Bloom is the most significant period for infection and the time when we need to apply protectants. Typically three applications of fungicide are recommended, corresponding with early (10%), mid- (50%), and late (90%) bloom, and these are usually about 7 days apart. It is always best to apply fungicides before expected rainfall although some products have some level of systemic activity and may control new infections. There are numerous options available for fruit rot management in strawberries and these can be reviewed in AgraPoint’s Strawberry Insect and Disease Management Schedule. A number of these can be applied up to harvest and should be considered if conditions are wet through bloom and up to harvest. Also, many of the fungicides are a high risk for resistance development with repeated use so it is always best to rotate among chemical families.

E. Mites and insect pests

I’ve been in a few fields where high levels of two-spotted spider mite are already evident so I encourage you to scout your fields for this pest. Pre-harvest miticide choices include Apollo (15 day pre-harvest interval, primarily for eggs and nymphs), Nexter (10 day PHI, primarily for nymphs and larva), Agri-Mek (3 day PHI, primarily for adult mites) and Oberon (3 day PHI, primarily for eggs and nymphs). Read labels carefully for appropriate rates and other cautions.

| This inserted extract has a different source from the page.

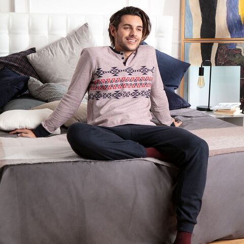 Мужской домашний костюм из плотного смесового трикотажа Пунто Милано: блуза с застежкой на пуговицах в вырезе горловины с этническим орнаментом и контрастные брюки. Рукава блузы и края брюк отделаны манжетами. В комплекте: блуза, брюки.

Also, fields should be monitored for strawberry bud clipper weevil and tarnished plant bugs as we enter the bloom period. To scout for clipper weevil begin by examining flower trusses for clipped buds or the adult weevil among the flower buds and blossoms. The adults will also often chew circular holes in the white petals of opened flower buds. A V-shaped sampling pattern incorporating 5-10 locations should be used and a 2-foot section of row should be examined at each location. An average of 0.6 clipped buds per foot of row is generally considered the economic threshold for treatment although new research has shown that a threshold of up to 5 clipped buds per foot of row would be more appropriate for many varieties.

For tarnished plant bug, tap 30 blossom clusters per field. The economic threshold to spray is if you exceed 15 plant bug nymphs per 30 clusters. Late fruiting varieties are most vulnerable as plant bug populations tend to increase through the season.

Be prepared – plan your monitoring and control strategies in advance! Let’s not get caught off guard as controls are limited during harvest.